Diventare se stessi non è sempre diventare un altro? Cosa può succedere a chi non cammina verso chi è? Dobbiamo costantemente colmare il divario tra chi siamo e chi pensiamo di essere. Cosa può essere qualcuno che non sa chi è? Un naufragio, una deriva eterna, un radicamento? Questa può sprofondare in tutte le forme di sottomissione, in particolare nella volontà di potenza; Non c'è niente che possa temperarlo, accarezzarlo o controllarlo. Si tratta qui di avere la stessa esigenza della scrittura: unire il più strettamente possibile, il più strettamente possibile, lo stile e il soggetto. Riuscire ad unirsi per diventare uno. Operare e compiere la metamorfosi per uscire da se stessi, per essere se stessi.
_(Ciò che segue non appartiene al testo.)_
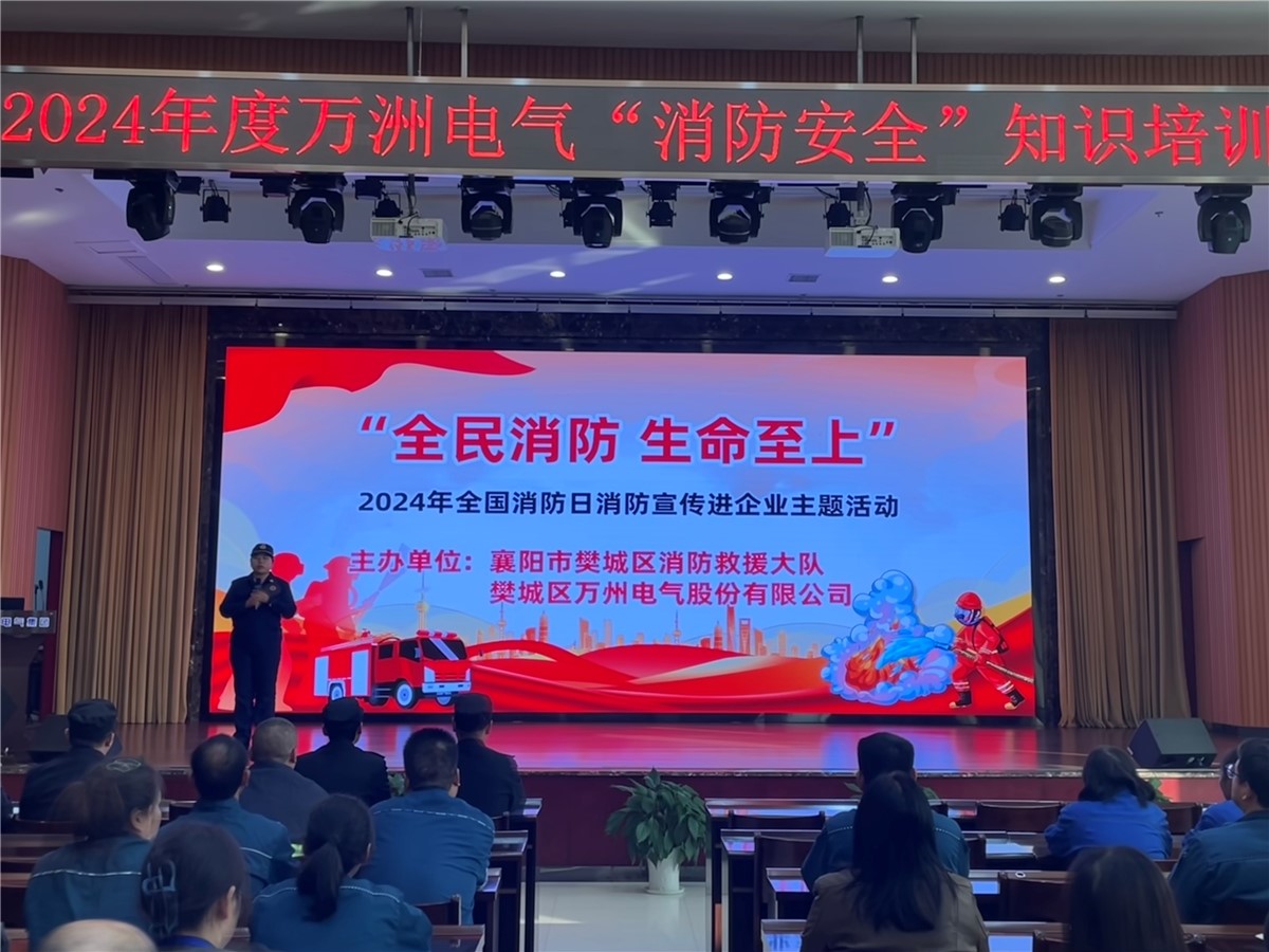 為增強(qiáng)員工消防意識(shí),提高員工突遇火災(zāi)等緊急情況的處置能力。11月8日下午,萬洲電氣專門邀請(qǐng)樊城區(qū)消防救援大隊(duì)到公司開展消防知識(shí)培訓(xùn)和救援演練活動(dòng),萬洲電氣、云川光電、萬洲機(jī)械、襄陽(yáng)工廠各部門安全員、班組長(zhǎng)、骨干等近五十人參加培訓(xùn)。

Contrariamente a quanto spesso si dice o si crede oggigiorno, l'incontro perpetuo con l'altro, chiamato anche incrocio o diversità o termine di moda successivo, è solo un sotterfugio, uno zapping isterico, un mezzo per vedere, per intravedere se stessi e di camuffare questa visione sotto un trucco ingrato, anemico e amnesico. Qui continua a suscitare un agit-prop preoccupato di creare nuovi bisogni e rinnovarli costantemente per creare sempre un'insoddisfazione senza precedenti e senza fine e per forzare l'eterna ed estenuante ricerca del fantasma del sé.

La ricerca dell'identità

Nella sua folle ricerca di far credere alle persone che possiamo scegliere tutto in ogni momento, l'era moderna ha metodicamente sostituito l'essere con l'avere. Eppure questa logica, questa ideologia ha i suoi limiti: alcune cose non si possono acquisire, tra queste: l'alterità. Vivere la propria identità, essere ciò che si è, abitare il proprio nome , permettere l'intimità e quindi la conoscenza e l'approfondimento del proprio essere, queste sono le condizioni per un incontro con l'altro. La prima differenza tra Creonte e Antigone sta proprio in questo luogo preciso, il terreno su cui è costruita la lotta, Antigone conserva ancorato in lei questo dono degli anziani, degli dei, questo radicamento che definisce l'autorità a cui si appoggia per stare fino a quest'uomo, suo parente, il re, che sposa la volontà di potenza e si ritrova accecato da essa al punto da sentire solo la propria voce, la sua eco.